Saturday, December 29, 2018

Do Byzantine MSS Have Less Disagreements? (Part 3)


            In part 1 and 2 of this investigation, we compared the differences between Vaticanus and Sinaiticus in Luke 19 to the differences between Codex Alexandrinus and minuscule 2474 in the same passage, and found that although B and À disagree 35 times, and these 35 disagreements involve 115 letters’ worth of difference, there are 28 disagreements between A and 2474, involving 127 letters’ worth of disagreement, indicating that the amount of disagreement between À and B is not remarkably higher than the amount of disagreement between A and 2474 (both considered Byzantine manuscripts).
            Now, in Part 3, I wish to look at the text of Luke 19 in two members of a particular Byzantine sub-group:  family 35, which the famous compiler Hermann von Soden named the “Kr” text.  The “K” in this appellation stands for “Koine,” that is, the common text, essentially synonymous with the Byzantine Text, and the “r” stands for “revision,” because von Soden thought that this form of the text was a standardization made in the 1100s. 
            Researcher Wilbur Pickering has argued that the term “Kr” is somewhat loaded, like Hort’s term “Neutral text,” and he believes that this text goes back to the 200s at least, and constitutes the best available representative of the original text.  Pickering has argued that because representative manuscripts of family 35 are found in diverse monasteries at Mount Athos, this implies that their ancestor-manuscripts were taken to Mount Athos before the Islamic conquest, ant thus family 35’s form of text cannot be the result of a medieval revision.  Without addressing Pickering’s claims, I will use the title “family 35” as an alternative to “Kr.”

           Family 35 could be described as a manuscript-cluster, having essentially the Byzantine Text but with enough shared readings to set its members apart from other Byzantine manuscript-groups.  (For a brief description of Byzantine sub-groups see Robert Waltz’s description of the Claremont Profile Method.)   Do its members agree with each other more closely than B and À?  More closely than A and 2474?
            To find out, I compared the text of Luke 19:1-27 in GA 155 and GA 691 (two members of family 35 – GA 155 is at the Vatican Library, catalogued as Reg.
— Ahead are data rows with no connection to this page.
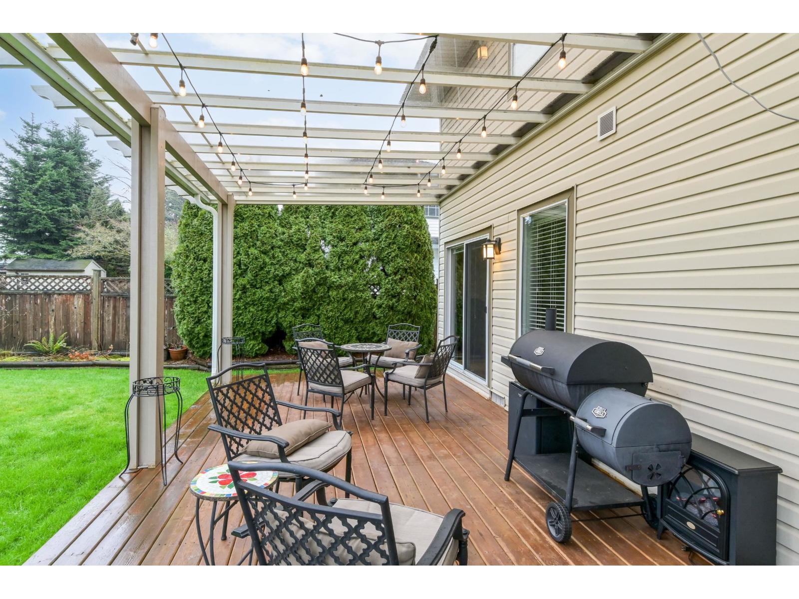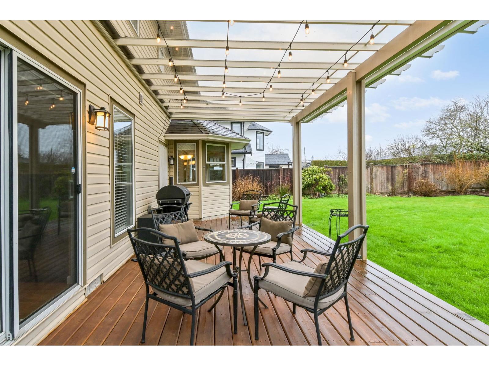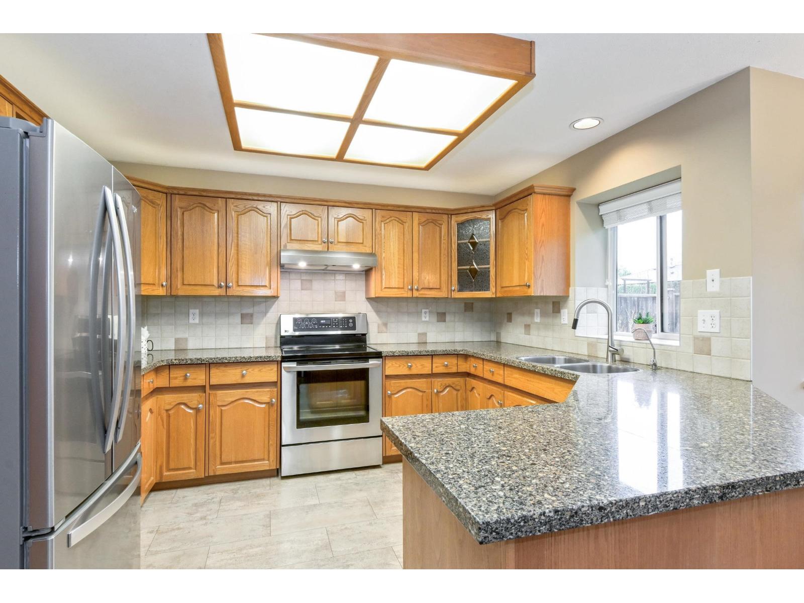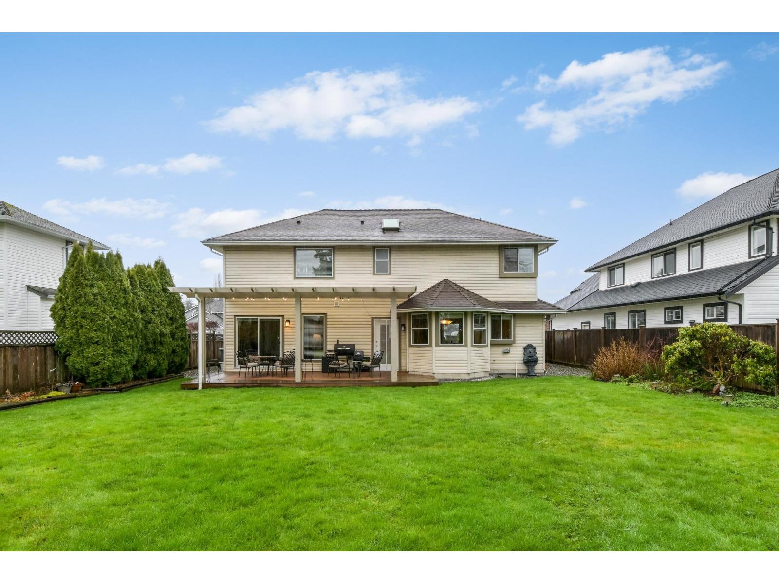 Immaculate custom built 2 storey, 4 bedroom and den home on a rectangular flat lot in Murrayville. Impressive entrance with circular staircase. Large windows and skylights make this home bright and light. Oak kitchen with quartz countertops, and stainless steel appliances opening onto a beautiful private landscaped lot. 1 bedroom is on the main - no stairs. 3 bedrooms up and primary bedroom has w/i closet and luxurious ensuite. Very quiet and safe neighbourhood. Hospital, schools, parks and rec centers nearby. (id:64528)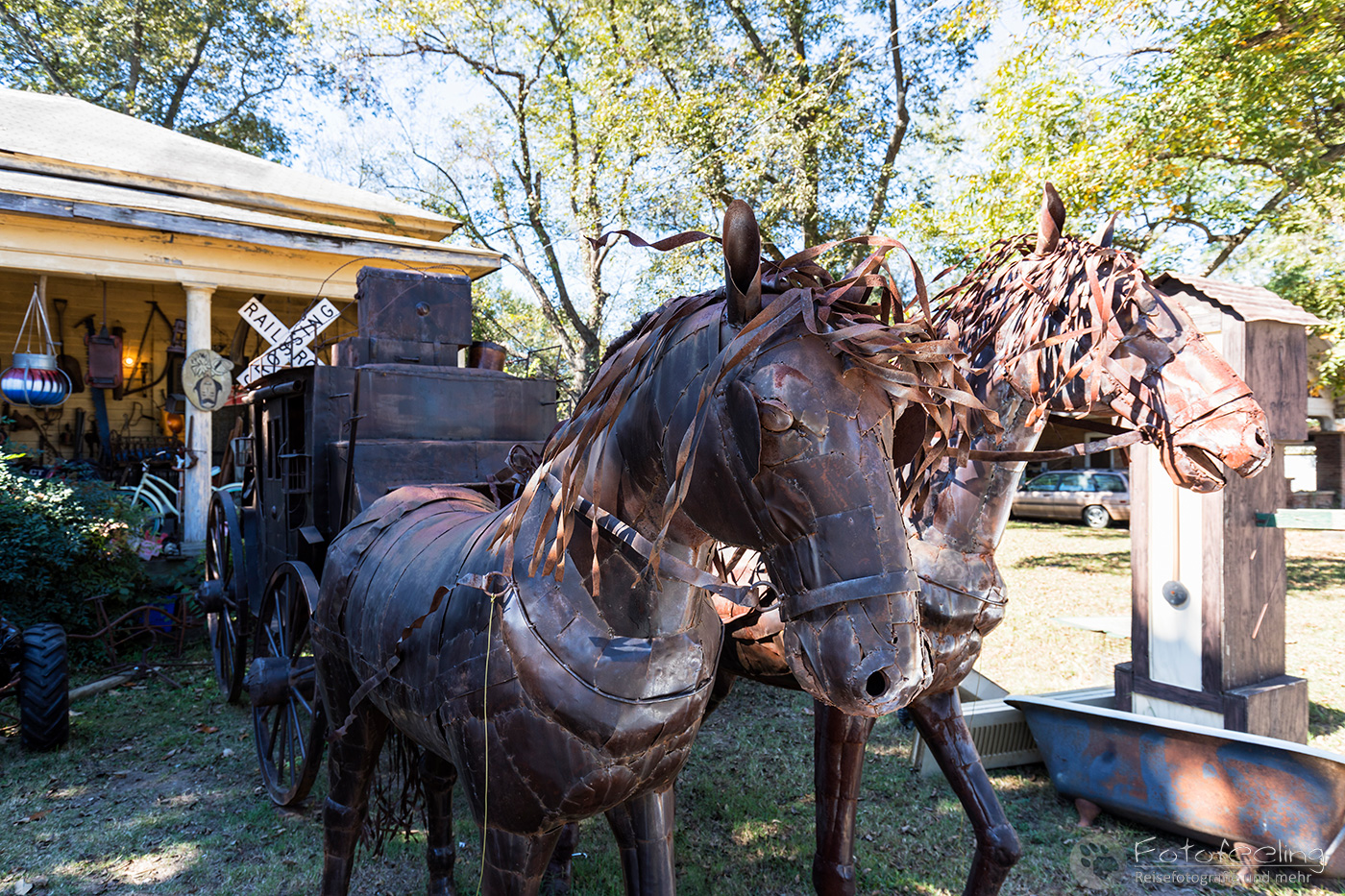 Mittags waren wir zurück auf der Campsite. Was sollten wir nur mit dem halben Tag anfangen? Die Lösung kam von unserer Campsite Betreiberin. Sie schickte uns nach Jefferson, einer kleinen historischen Stadt am Caddo Lake, die heutzutage größtenteils von Flohmärkten und Tourismus lebt. Die Stadt war zwischen 1845 und 1872 einer der wichtigsten Häfen Texas und einer der größten Städte. Hier hielten Dampfschiffe, die in nur 4-5 Tagen von und bis New Orleans fuhren. Im Jahre 1873 sprengte die Armee den Red River Raft, eine natürliche Blockade, die zur Aufstauung des Sees geführt hatte und das Wasser versiegte langsam. Hinzu kam, dass die Pacific Railway von Texarkana nach Marshall Jefferson ausließ und erst in den folgenden Jahren in Jefferson anhielt. Aber noch immer zeugen etliche Villen von dem einstigen Reichtum der Stadt. Wir liefen durch die Straßen und fühlten uns wie in den Südstaaten. Mittags aßen wir in einem kleinen Hamburger Laden abseits der Hauptstraßen und hatten eine gute Wahl getroffen, denn es schmeckte hervorragend.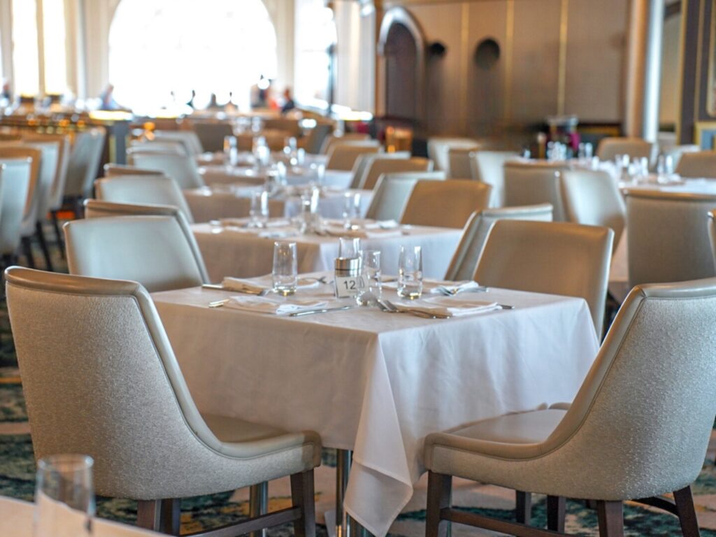 通常、クルーズ船でのダイニングでは決まった食事の時間や座席指定があることが多いです。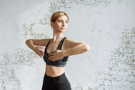 Lovely young girl goes in for sports at home in a sports uniform on a rug. Cute blonde is engaged in fitness on a background of a white brick wall.

Gr. 79, and GA 691 is at the British Library, catalogued as Additional MS 22739).  I compared their online page-views to the Robinson-Pierpont Byzantine Textform, using the same ground-rules I used for À, B, A, and 2474 (that is, setting aside trivial orthographic variations, not counting contractions as errors, and ignoring most itacisms).   
            Due to the remarkable uniformity of the text in these two manuscripts, instead of providing a verse-by-verse list of their disagreements with each other, it seems better to just state the differences:
           
Differences between GA 155 and 691 in Luke 19:1-27:

1-15 – no differences
16 – 691 reads επραγματεύσατο instead of διεπραγματεύσατο (-2)
17 – no differences
18 – 692 reads μνας instead of μνα before σου (+1)
19-22 – no differences
23 – 691 reads την before τράπεζαν (+3)
Verses 24-27 – no differences

            (Both 155 and 691 disagree with RP2005 in verse 15 by not including και, and both MSS read συκομοραίαν instead of RP2005’s συκομωραίαν in verse 4.)
            The total amount of disagreement between 155 and 691 in Luke 19:1-27 thus consists of three disagreements, involving six letters.
            I am confident that 155 and 691 display a similarly remarkable level of agreement in Luke 19:28-48.
            In Luke 19:1-27, there is obviously a stark difference between the degree of disagreement between two representatives of the Alexandrian Text (20 differences, involving 49 letters), and two relatively early members of the Byzantine Text (14 differences, involving 69 letters), and two members of family 35 (three disagreements, involving six letters).   
            Unless 155 and 691 are somehow exceptional, it appears that the copyists of the manuscripts in family 35 transcribed with a level of precision and uniformity which was on a whole other level compared to the scribes in the other manuscript-groups.  It may be the case that “No two manuscripts agree exactly,” due to trivial differences, but the agreement-rate for members of family 35 appears to be phenomenally higher than the agreement-rate among members of any other major manuscript-group.  Whether the copyists of the over 220 manuscripts that represent were physically isolated from exemplars representing other forms of the text, or were intentionally selective about which exemplars to use, they perpetuated the text with remarkably uniformity.  So we can say, when asking if Byzantine manuscripts have less disagreements that other forms of the text:  not necessarily in early settings where the use of diverse exemplars elicited mixture, but in the Byzantine sub-group known as family 35, yes; those Byzantine MSS have far fewer disagreements.